### WORK TASK:
Among the entries below, copy only the span from the line containing "- J.S.バッハ:ヴァイオリン・ソナタ第3番/メニューイン/ランドフスカ/送料無料/ダイレクト・トランスファー CD-R" through the line containing "itu sendiri menjadi". Do so exactly, and skip the pictures.

### SUPPLIED ENTRIES:
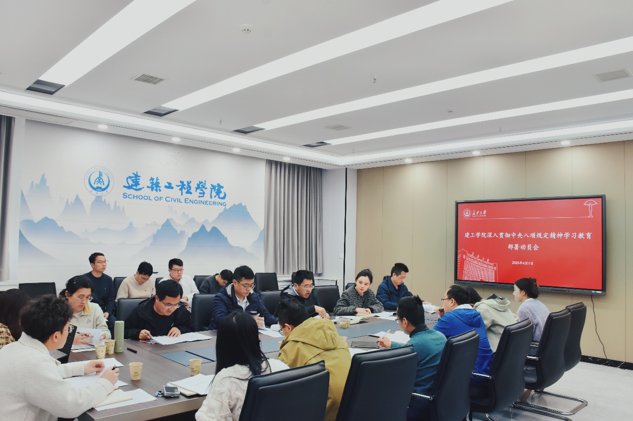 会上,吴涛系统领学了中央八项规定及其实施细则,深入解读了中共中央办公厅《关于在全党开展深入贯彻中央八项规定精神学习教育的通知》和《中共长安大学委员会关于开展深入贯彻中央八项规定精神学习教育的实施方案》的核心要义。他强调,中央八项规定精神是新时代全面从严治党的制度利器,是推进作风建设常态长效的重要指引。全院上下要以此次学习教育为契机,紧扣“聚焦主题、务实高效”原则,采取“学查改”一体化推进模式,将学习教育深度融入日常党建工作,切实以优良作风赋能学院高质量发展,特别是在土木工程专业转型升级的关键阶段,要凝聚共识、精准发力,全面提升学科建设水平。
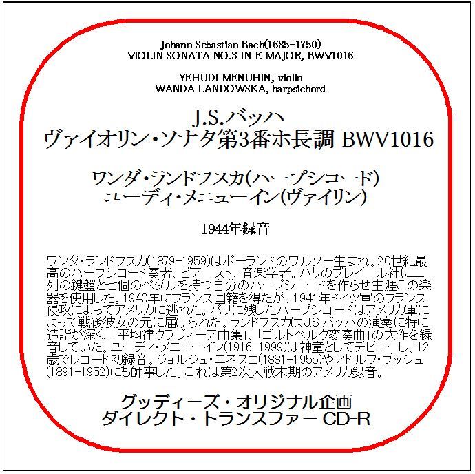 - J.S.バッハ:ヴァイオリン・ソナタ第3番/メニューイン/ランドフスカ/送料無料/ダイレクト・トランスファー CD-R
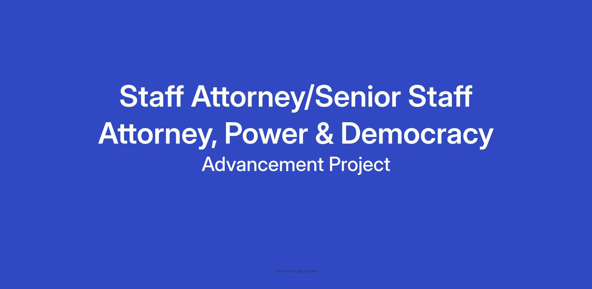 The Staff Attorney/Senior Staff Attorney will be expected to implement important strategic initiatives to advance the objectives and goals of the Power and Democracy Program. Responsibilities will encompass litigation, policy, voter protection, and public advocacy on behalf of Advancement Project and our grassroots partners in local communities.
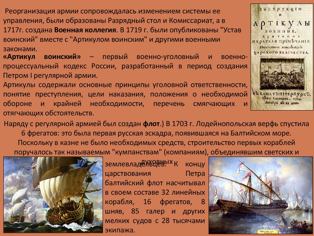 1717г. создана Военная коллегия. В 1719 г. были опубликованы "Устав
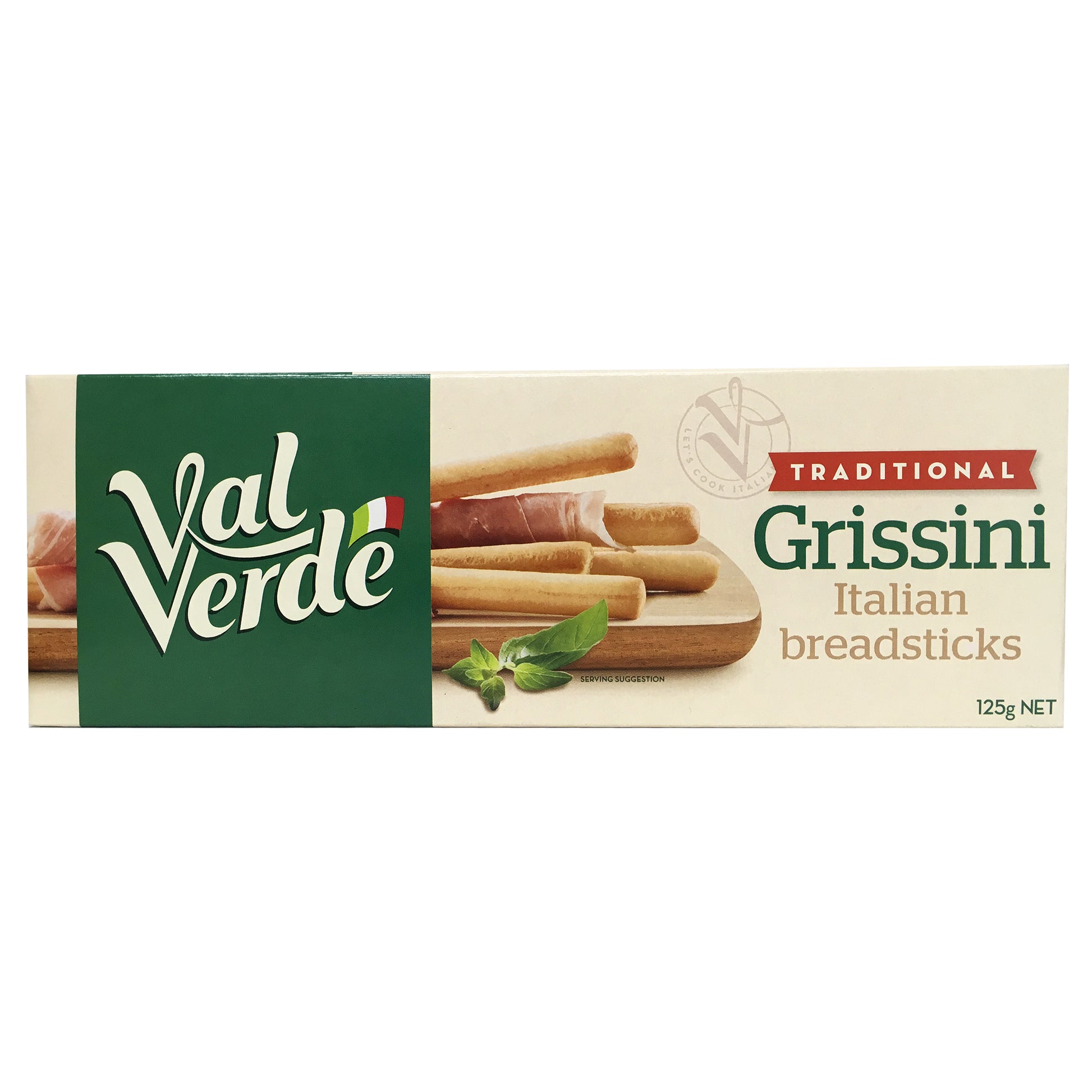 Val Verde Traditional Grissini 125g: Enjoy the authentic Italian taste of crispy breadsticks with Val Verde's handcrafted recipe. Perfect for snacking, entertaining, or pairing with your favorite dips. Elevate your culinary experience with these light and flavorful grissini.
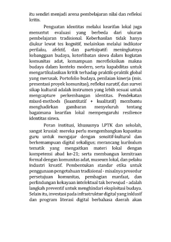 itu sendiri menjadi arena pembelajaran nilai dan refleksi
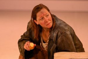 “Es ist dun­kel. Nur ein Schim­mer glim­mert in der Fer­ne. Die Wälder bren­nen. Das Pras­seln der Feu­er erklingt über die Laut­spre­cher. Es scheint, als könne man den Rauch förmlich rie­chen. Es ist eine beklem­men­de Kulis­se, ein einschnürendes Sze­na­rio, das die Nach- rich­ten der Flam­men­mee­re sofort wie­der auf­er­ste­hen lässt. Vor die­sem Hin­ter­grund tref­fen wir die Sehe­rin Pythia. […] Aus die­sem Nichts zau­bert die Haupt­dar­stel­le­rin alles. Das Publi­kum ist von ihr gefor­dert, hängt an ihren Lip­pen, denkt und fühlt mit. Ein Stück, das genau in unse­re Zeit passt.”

* * *

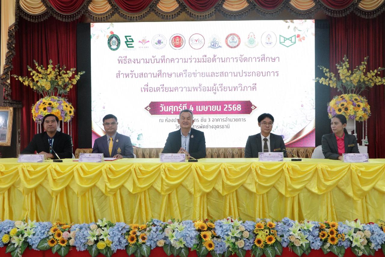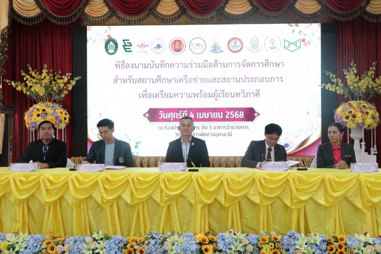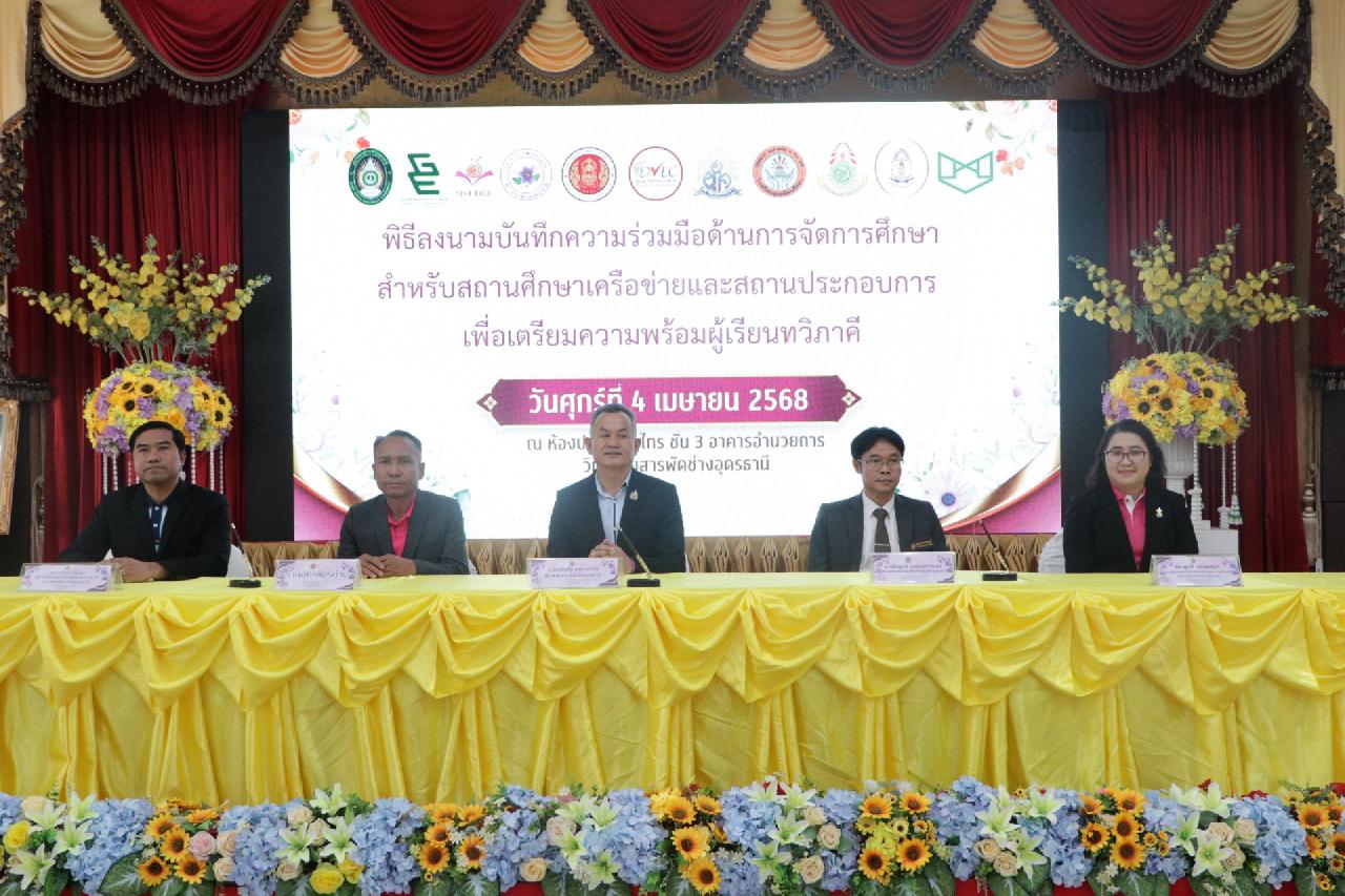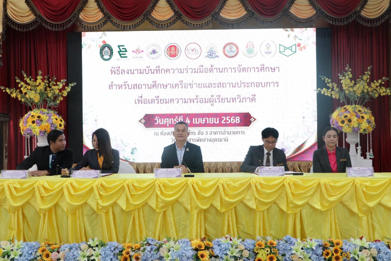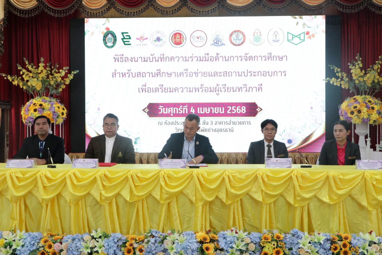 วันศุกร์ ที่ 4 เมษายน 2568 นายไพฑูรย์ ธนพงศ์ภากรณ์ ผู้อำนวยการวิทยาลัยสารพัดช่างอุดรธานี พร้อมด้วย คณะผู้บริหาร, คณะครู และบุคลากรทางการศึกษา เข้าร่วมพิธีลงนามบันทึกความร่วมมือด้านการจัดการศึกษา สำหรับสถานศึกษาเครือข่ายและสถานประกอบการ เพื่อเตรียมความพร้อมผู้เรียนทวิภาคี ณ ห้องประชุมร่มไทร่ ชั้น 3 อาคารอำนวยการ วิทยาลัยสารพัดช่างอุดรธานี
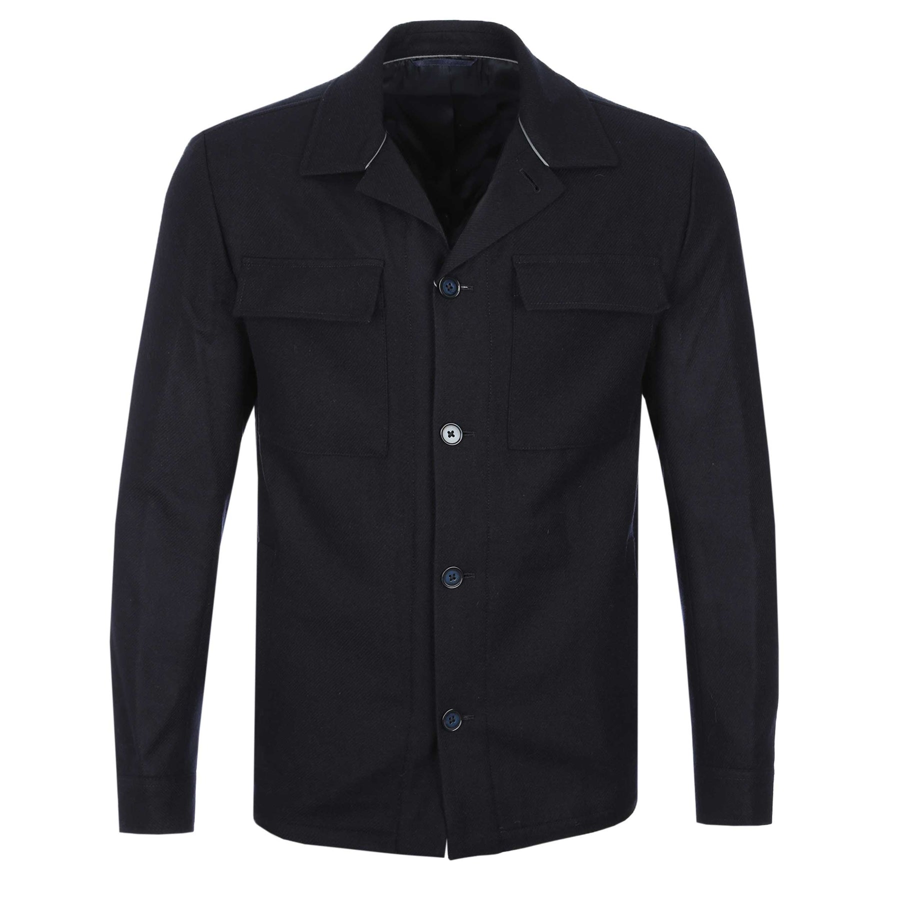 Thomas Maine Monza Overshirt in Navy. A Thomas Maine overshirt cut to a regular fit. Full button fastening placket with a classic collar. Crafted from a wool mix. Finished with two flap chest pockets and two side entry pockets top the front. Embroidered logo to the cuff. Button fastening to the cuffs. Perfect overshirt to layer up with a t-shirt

---

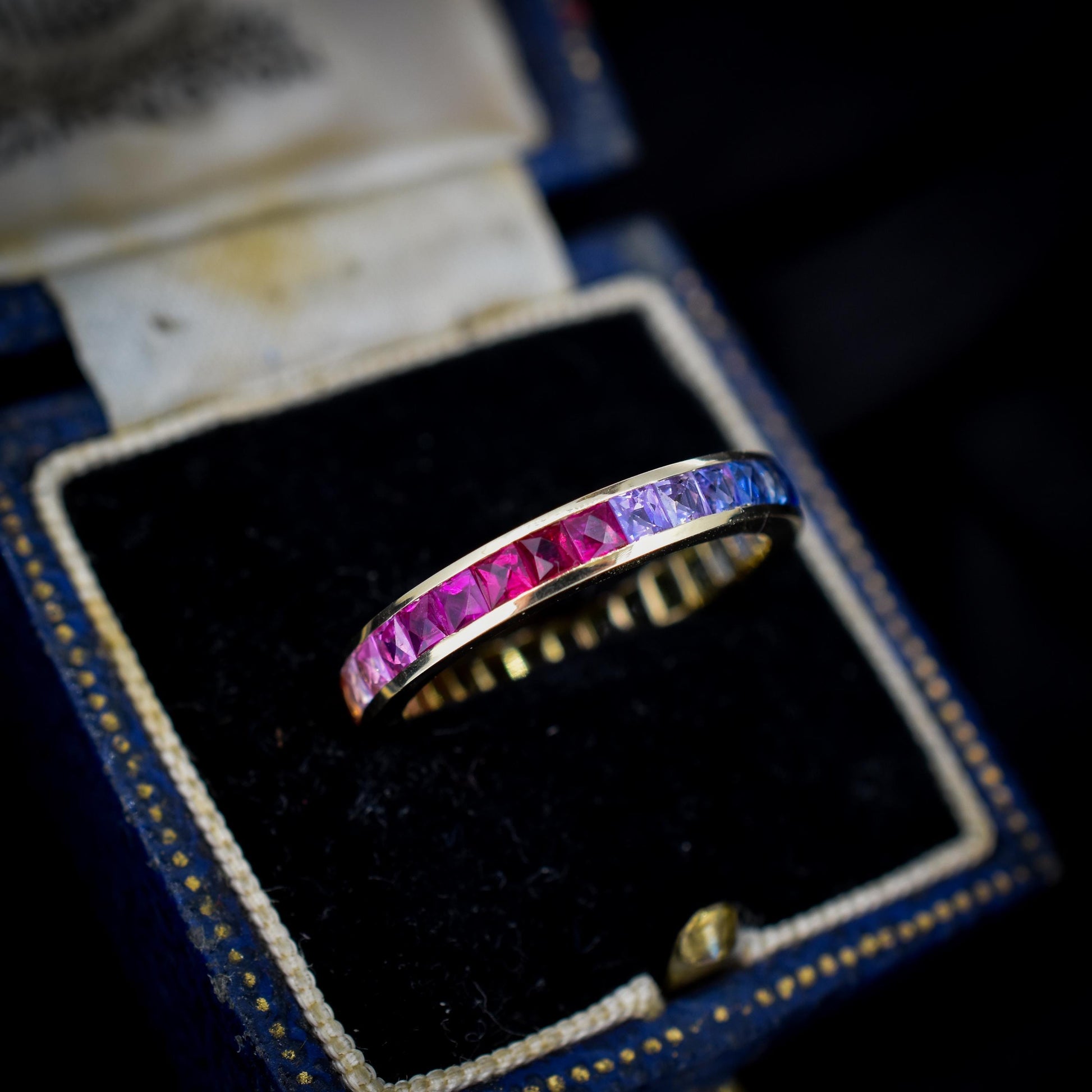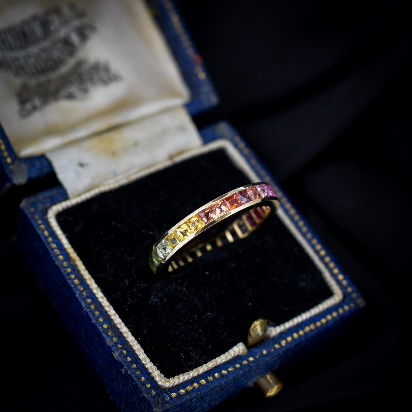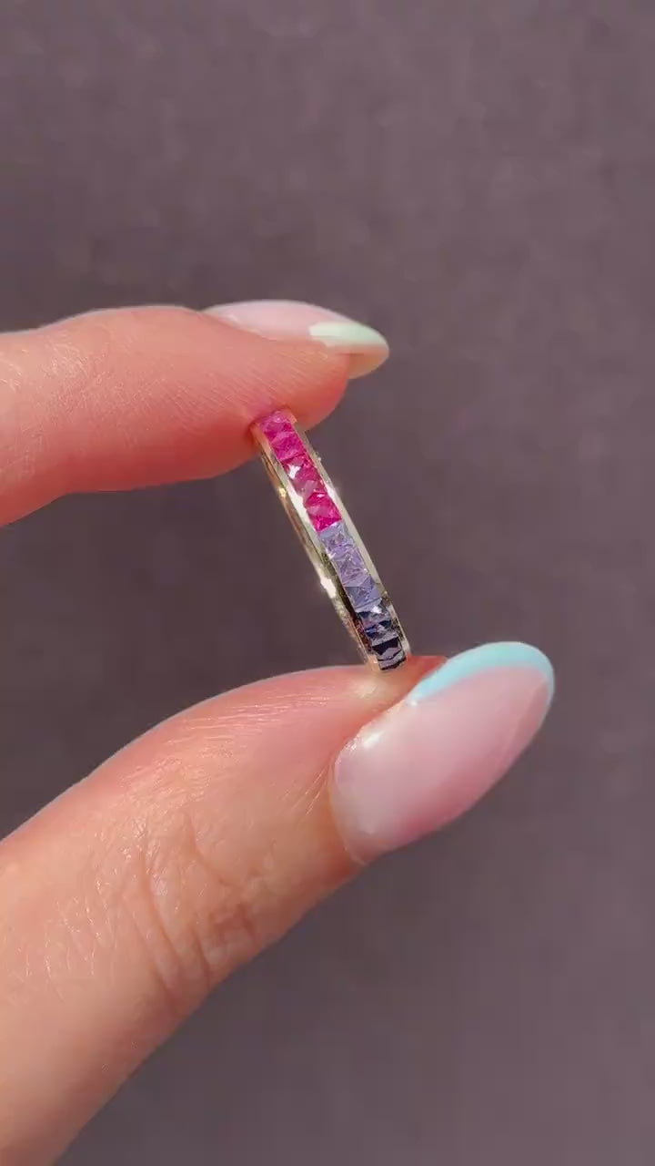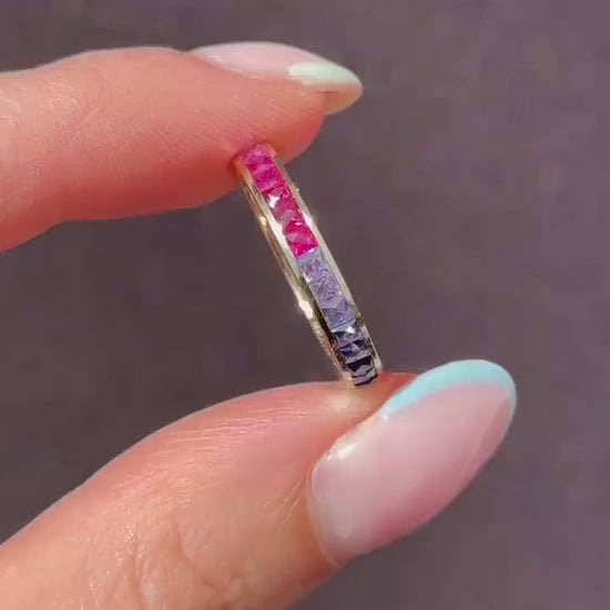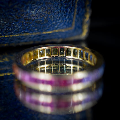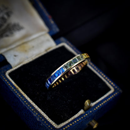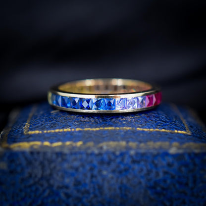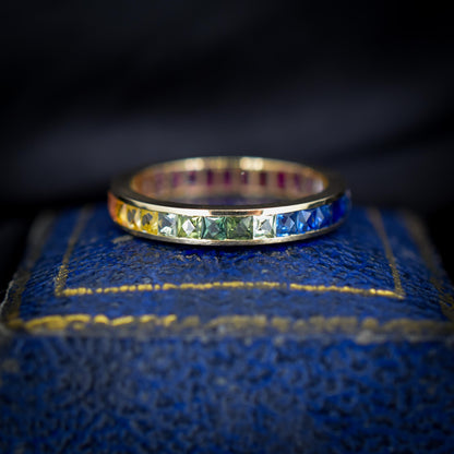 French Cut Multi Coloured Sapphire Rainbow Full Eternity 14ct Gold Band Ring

### TASK OUTPUT:
 - J.S.バッハ:ヴァイオリン・ソナタ第3番/メニューイン/ランドフスカ/送料無料/ダイレクト・トランスファー CD-R
 The Staff Attorney/Senior Staff Attorney will be expected to implement important strategic initiatives to advance the objectives and goals of the Power and Democracy Program. Responsibilities will encompass litigation, policy, voter protection, and public advocacy on behalf of Advancement Project and our grassroots partners in local communities.
 1717г. создана Военная коллегия. В 1719 г. были опубликованы "Устав
 Val Verde Traditional Grissini 125g: Enjoy the authentic Italian taste of crispy breadsticks with Val Verde's handcrafted recipe. Perfect for snacking, entertaining, or pairing with your favorite dips. Elevate your culinary experience with these light and flavorful grissini.
 itu sendiri menjadi arena pembelajaran nilai dan refleksi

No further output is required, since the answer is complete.